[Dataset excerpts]
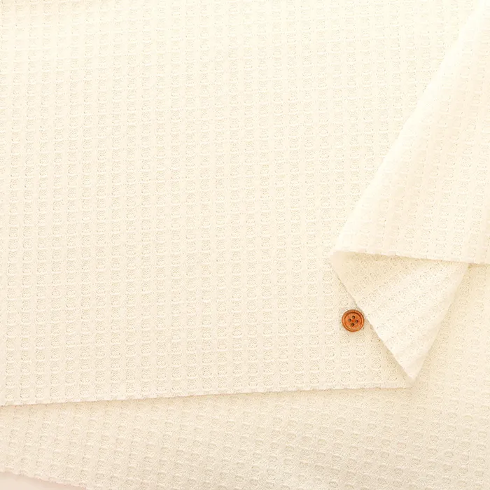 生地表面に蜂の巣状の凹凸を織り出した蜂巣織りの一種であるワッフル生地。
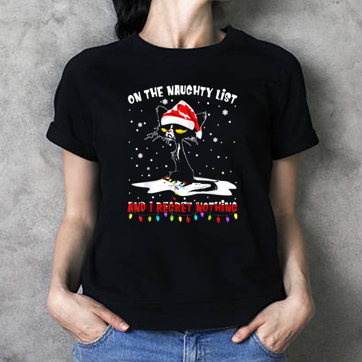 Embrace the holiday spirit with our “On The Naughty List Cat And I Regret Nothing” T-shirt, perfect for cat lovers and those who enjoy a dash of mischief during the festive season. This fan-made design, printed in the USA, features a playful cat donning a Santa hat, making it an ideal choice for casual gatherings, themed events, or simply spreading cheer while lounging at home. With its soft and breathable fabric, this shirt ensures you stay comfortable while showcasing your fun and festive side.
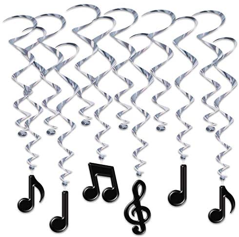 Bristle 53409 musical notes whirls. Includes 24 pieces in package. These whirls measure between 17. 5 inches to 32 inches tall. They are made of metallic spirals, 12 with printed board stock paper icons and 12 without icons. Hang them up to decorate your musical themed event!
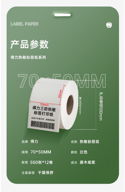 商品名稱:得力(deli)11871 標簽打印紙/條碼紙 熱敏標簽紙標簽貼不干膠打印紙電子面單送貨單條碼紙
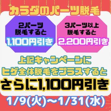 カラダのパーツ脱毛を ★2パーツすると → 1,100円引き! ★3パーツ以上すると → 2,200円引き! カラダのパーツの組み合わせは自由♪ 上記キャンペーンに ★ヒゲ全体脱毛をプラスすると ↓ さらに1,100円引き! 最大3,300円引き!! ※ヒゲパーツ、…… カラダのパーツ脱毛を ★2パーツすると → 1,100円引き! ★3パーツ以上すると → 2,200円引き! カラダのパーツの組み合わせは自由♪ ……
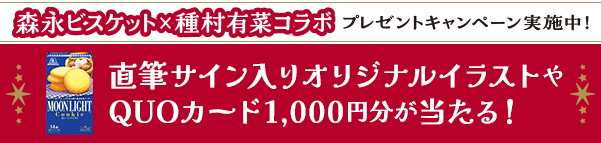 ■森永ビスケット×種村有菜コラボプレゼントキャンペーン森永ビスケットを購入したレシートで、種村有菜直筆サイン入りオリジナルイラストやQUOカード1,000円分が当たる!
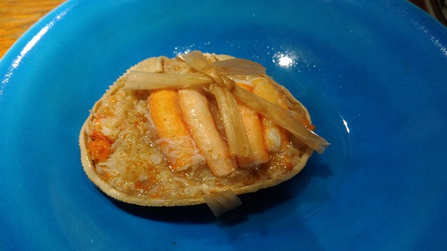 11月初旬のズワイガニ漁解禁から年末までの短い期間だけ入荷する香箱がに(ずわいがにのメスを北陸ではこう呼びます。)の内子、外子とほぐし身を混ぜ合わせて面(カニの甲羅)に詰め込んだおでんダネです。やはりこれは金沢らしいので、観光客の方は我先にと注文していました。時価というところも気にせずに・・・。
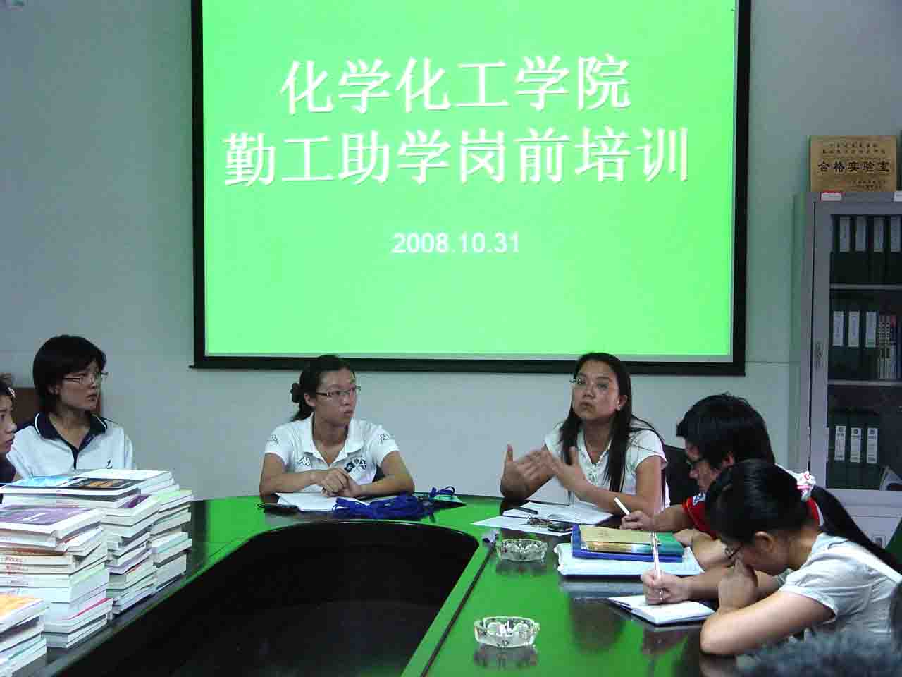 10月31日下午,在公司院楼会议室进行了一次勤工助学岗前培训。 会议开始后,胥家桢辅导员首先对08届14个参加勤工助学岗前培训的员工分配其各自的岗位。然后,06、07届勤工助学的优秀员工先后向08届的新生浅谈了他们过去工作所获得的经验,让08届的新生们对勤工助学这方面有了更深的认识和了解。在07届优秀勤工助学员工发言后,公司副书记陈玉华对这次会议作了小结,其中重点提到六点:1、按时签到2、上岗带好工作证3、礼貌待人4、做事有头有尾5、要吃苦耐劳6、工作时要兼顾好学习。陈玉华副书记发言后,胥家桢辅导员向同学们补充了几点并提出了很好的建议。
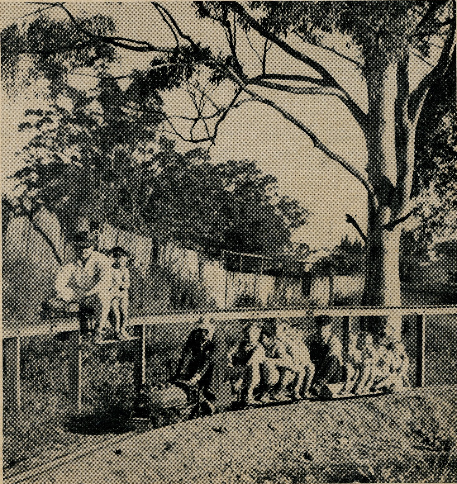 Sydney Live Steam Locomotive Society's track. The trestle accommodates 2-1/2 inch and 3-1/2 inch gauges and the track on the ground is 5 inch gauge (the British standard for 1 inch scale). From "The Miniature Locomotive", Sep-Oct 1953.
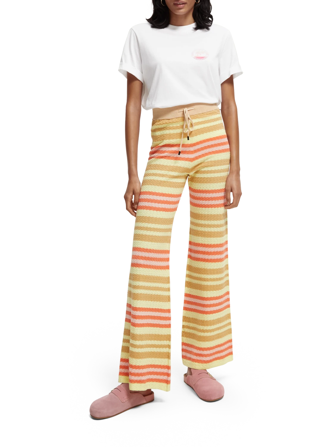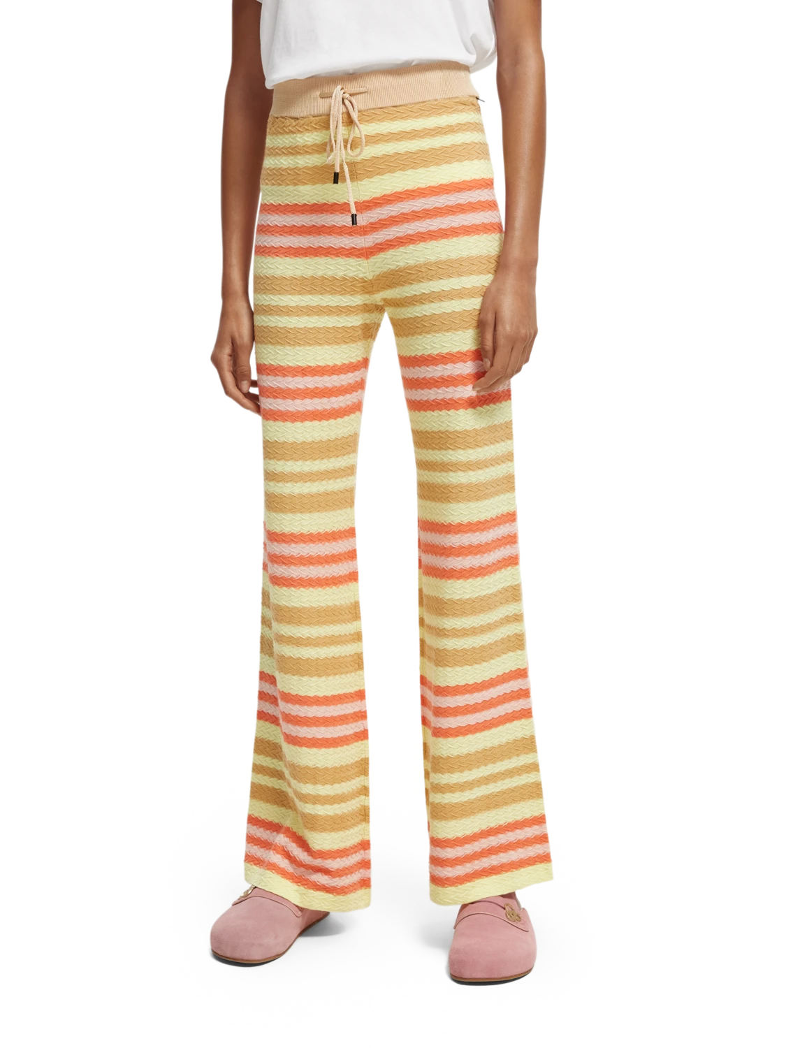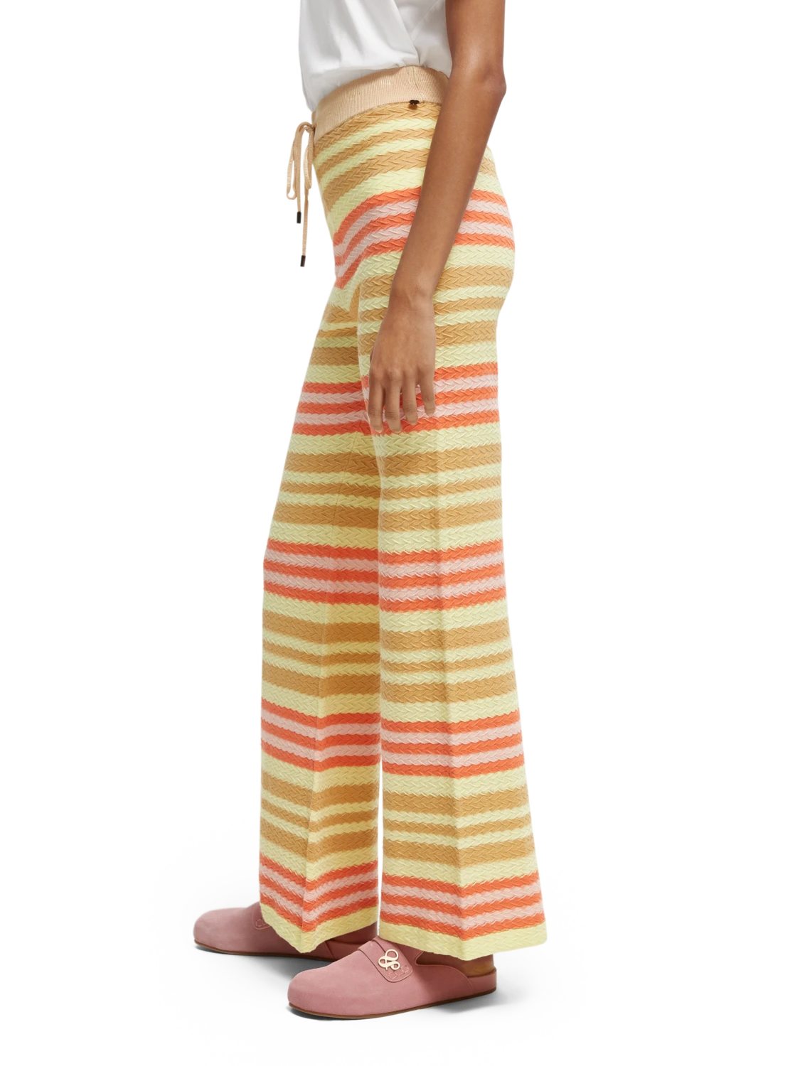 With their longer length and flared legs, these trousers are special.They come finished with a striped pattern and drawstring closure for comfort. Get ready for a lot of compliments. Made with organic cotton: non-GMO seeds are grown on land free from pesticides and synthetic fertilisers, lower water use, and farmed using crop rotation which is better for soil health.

--- Task directions ---
Retype exactly the lines from the line containing "11月初旬のズワイガニ漁解禁" through the end of the entries above, including both ends, and leave every picture out.

--- Answer for the task ---
 11月初旬のズワイガニ漁解禁から年末までの短い期間だけ入荷する香箱がに(ずわいがにのメスを北陸ではこう呼びます。)の内子、外子とほぐし身を混ぜ合わせて面(カニの甲羅)に詰め込んだおでんダネです。やはりこれは金沢らしいので、観光客の方は我先にと注文していました。時価というところも気にせずに・・・。
 10月31日下午,在公司院楼会议室进行了一次勤工助学岗前培训。 会议开始后,胥家桢辅导员首先对08届14个参加勤工助学岗前培训的员工分配其各自的岗位。然后,06、07届勤工助学的优秀员工先后向08届的新生浅谈了他们过去工作所获得的经验,让08届的新生们对勤工助学这方面有了更深的认识和了解。在07届优秀勤工助学员工发言后,公司副书记陈玉华对这次会议作了小结,其中重点提到六点:1、按时签到2、上岗带好工作证3、礼貌待人4、做事有头有尾5、要吃苦耐劳6、工作时要兼顾好学习。陈玉华副书记发言后,胥家桢辅导员向同学们补充了几点并提出了很好的建议。
 Sydney Live Steam Locomotive Society's track. The trestle accommodates 2-1/2 inch and 3-1/2 inch gauges and the track on the ground is 5 inch gauge (the British standard for 1 inch scale). From "The Miniature Locomotive", Sep-Oct 1953.
 With their longer length and flared legs, these trousers are special.They come finished with a striped pattern and drawstring closure for comfort. Get ready for a lot of compliments. Made with organic cotton: non-GMO seeds are grown on land free from pesticides and synthetic fertilisers, lower water use, and farmed using crop rotation which is better for soil health.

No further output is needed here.